◆ **REQUIRED ACTION**
Please transcribe the data exactly as shown, skipping the images.

◆ **DATASET CONTENT**
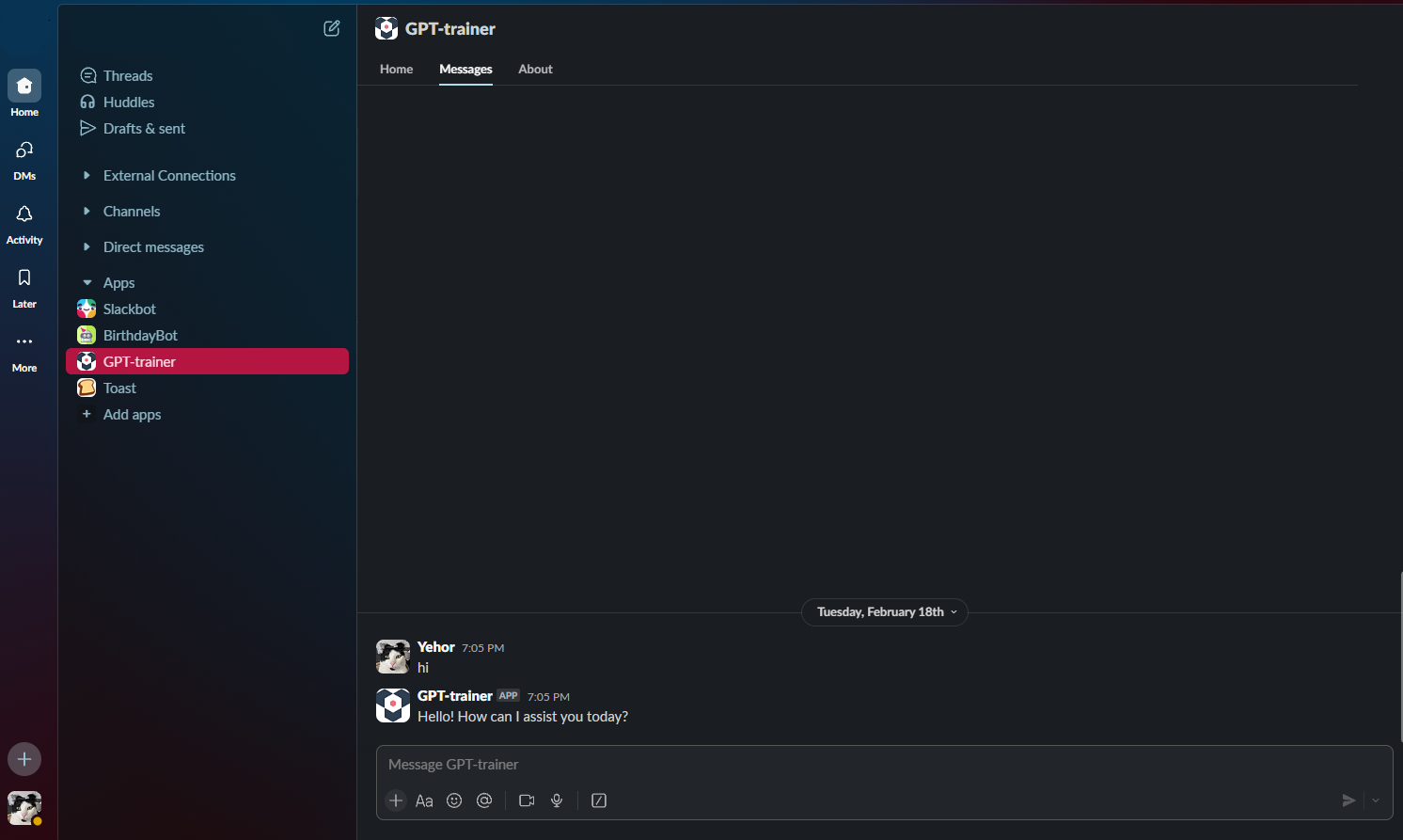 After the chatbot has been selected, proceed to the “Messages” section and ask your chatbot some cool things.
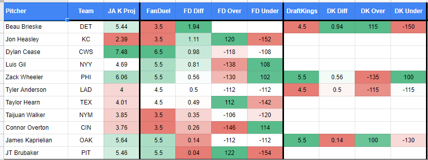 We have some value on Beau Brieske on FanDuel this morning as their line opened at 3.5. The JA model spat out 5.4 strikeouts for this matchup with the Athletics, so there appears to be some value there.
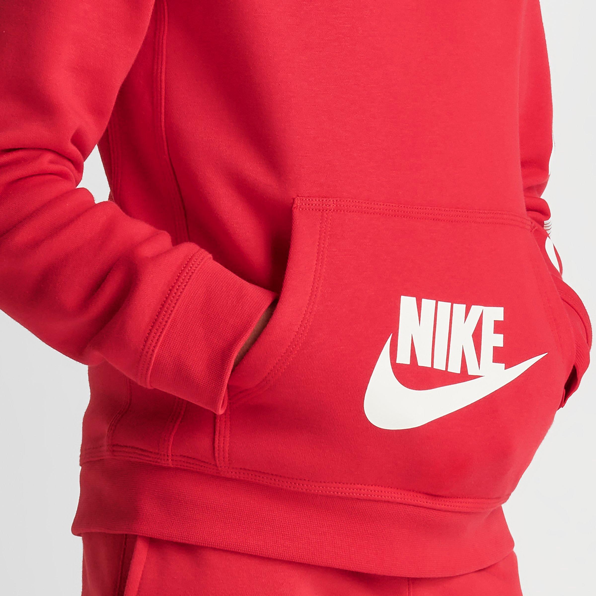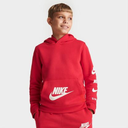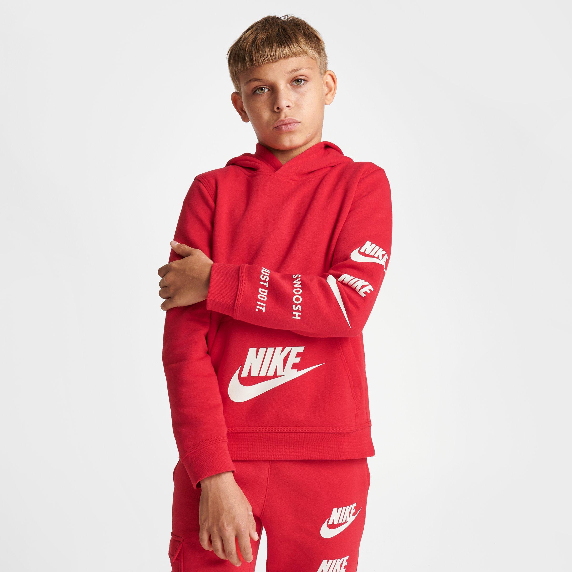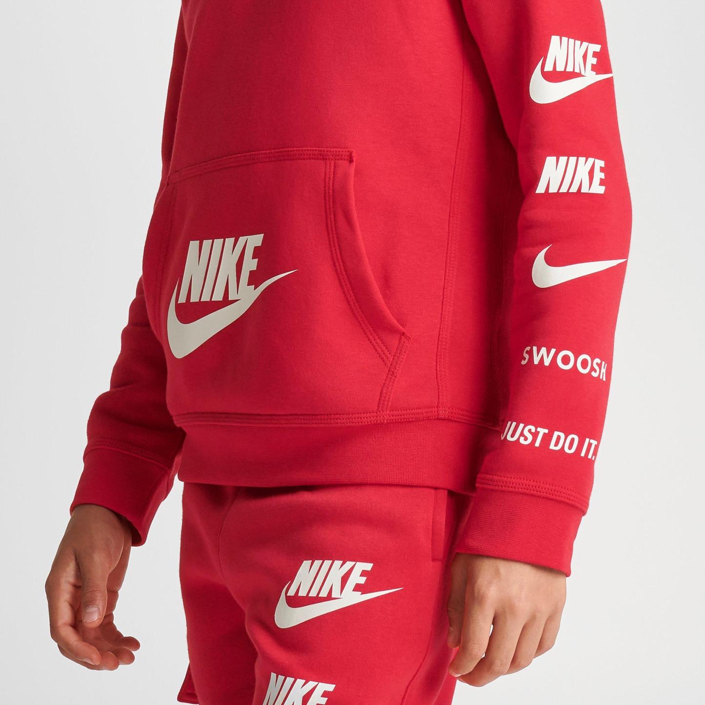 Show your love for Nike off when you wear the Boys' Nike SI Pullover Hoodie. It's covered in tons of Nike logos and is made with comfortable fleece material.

◆ **OUTPUT FOR THIS TASK**
 After the chatbot has been selected, proceed to the “Messages” section and ask your chatbot some cool things.
 We have some value on Beau Brieske on FanDuel this morning as their line opened at 3.5. The JA model spat out 5.4 strikeouts for this matchup with the Athletics, so there appears to be some value there.
 Show your love for Nike off when you wear the Boys' Nike SI Pullover Hoodie. It's covered in tons of Nike logos and is made with comfortable fleece material.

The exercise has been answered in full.